Required reserve ratio reduced by half for credit institutions

From October 1, credit institutions as mandatory transferees of commercial banks placed under special control as prescribed in the Law on Credit Institutions will be entitled to 50-percent reduction of the required reserve ratio.

From October 1, credit institutions as mandatory transferees of commercial banks placed under special control as prescribed in the Law on Credit Institutions will be entitled to 50-percent reduction of the required reserve ratio.

Such is stated in the State Bank Governor’s Circular 23/2025/TT-NHNN (Circular 23) of August 12, 2025, amending and supplementing a number of articles of the State Bank Governor’s Circular 30/2019/TT-NHNN of December 27, 2019, on required reserves of credit institutions and foreign bank branches (Circular 30).

The reduction applies to four commercial banks, including Vietcombank, MB, VPBank and HDBank, as mandatory transferees of commercial banks placed under special control.

Specifically, support-providing credit institutions defined in Article 4.39 of the Law on Credit Institutions will be entitled to 50-percent reduction of the required reserve ratio based on the approved recovery plans for credit institutions placed under special control.
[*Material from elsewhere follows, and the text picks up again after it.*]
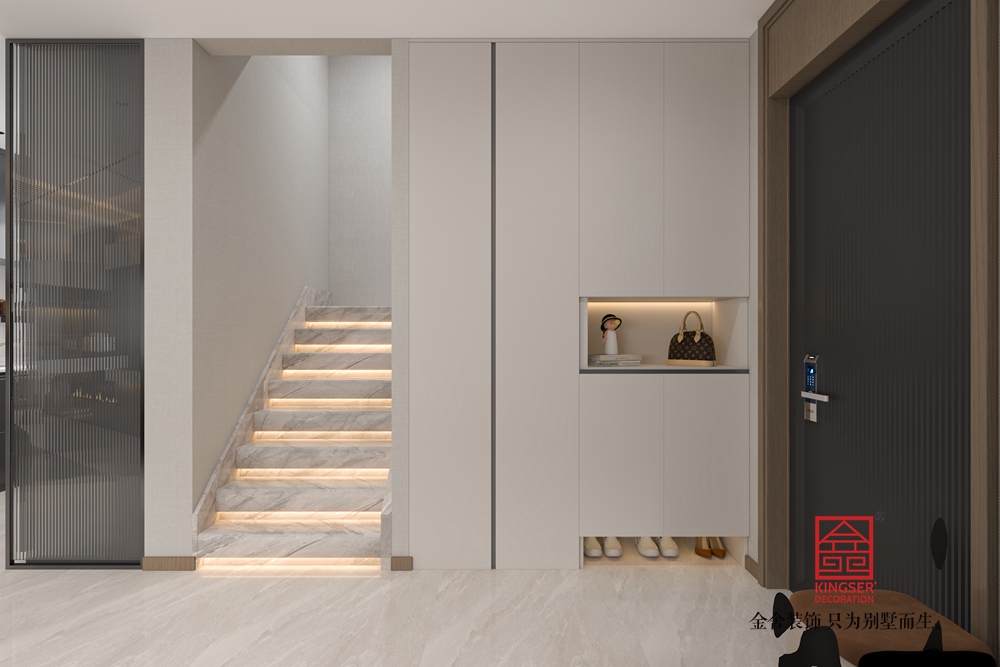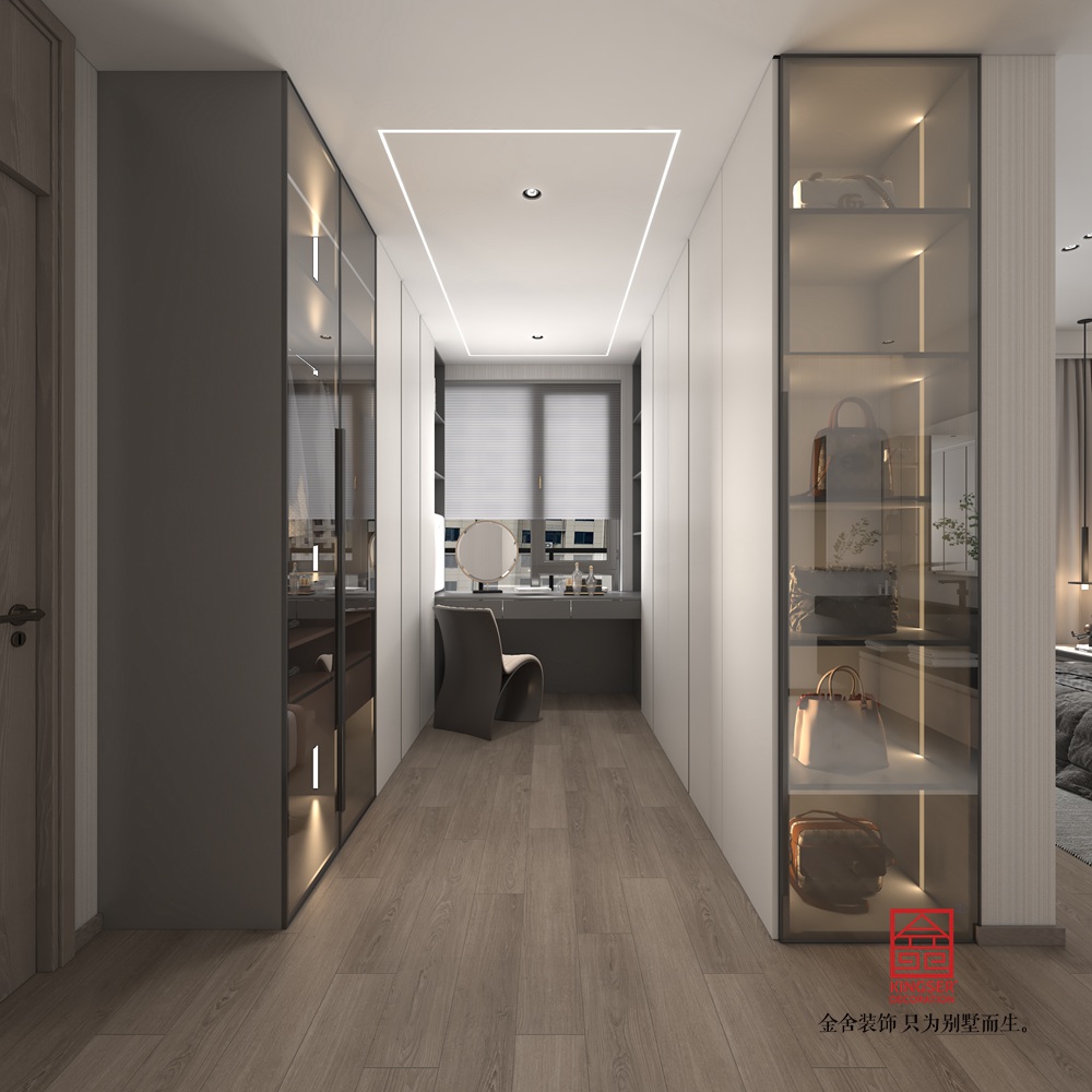 主色調(diào)以淺米色墻面為基底,搭配原木色地板與深灰色家具,形成低飽和度的和諧配色,既顯干凈清爽,又能適配多種軟裝風(fēng)格。

At the same time, credit institutions as mandatory transferees of commercial banks placed under special control specified in the Law on Credit Institutions will have their required reserve ratio reduced by half based on the approved mandatory transfer plans for commercial banks placed under special control.

Required reserve ratio reduced by half for credit institutions

The reduction rate of the required reserve ratio for each credit institution mentioned above will be calculated based on the required reserve ratio for that credit institution as stipulated in Article 6.1 of the Circular and applies to all types of deposits subject to required reserves.

Worthy of note, the central bank has added “policy banks” as the fourth category of credit institutions not compelled to set aside required reserves as specified in Article 3 of Circular 30. The three existing categories include: (i) credit institutions placed under special control, (ii) credit institutions not yet having commenced operation, and (iii) credit institutions approved for dissolution or included in a competent agency’s decision on opening of bankruptcy procedures or decision on license revocation.

Regarding the responsibilities of the Credit Institutions Supervision Department, Article 7 of Circular 23 says that based on the required reserve ratio reduction for support-providing credit institutions and credit institutions as transferees in the approved recovery plan and the approved mandatory transfer plan, the Department will send to the State Bank of Vietnam (SBV)’s Operations Center and Monetary Policy Department a notice of the reduction of the required reserve ratio for support-providing credit institutions and credit institutions as transferees.

This notice must state the names of support-providing credit institutions and credit institutions as transferees, the month of commencement of the application and the duration of the application of the required reserve ratio reduction.

The Credit Institutions Supervision Department must also send to the SBV’s Operations Center the central bank’s documents and decisions on special control, termination of special control, dissolution, and revocation of licenses, of credit institutions within three working days from the date of issuance of these documents and decisions. This excludes documents and decisions issued by the SBV's regional branches.

Concurrently, the Department will have to supervise and handle according to its competence, or propose competent agencies, organizations and individuals to handle, violating credit institutions.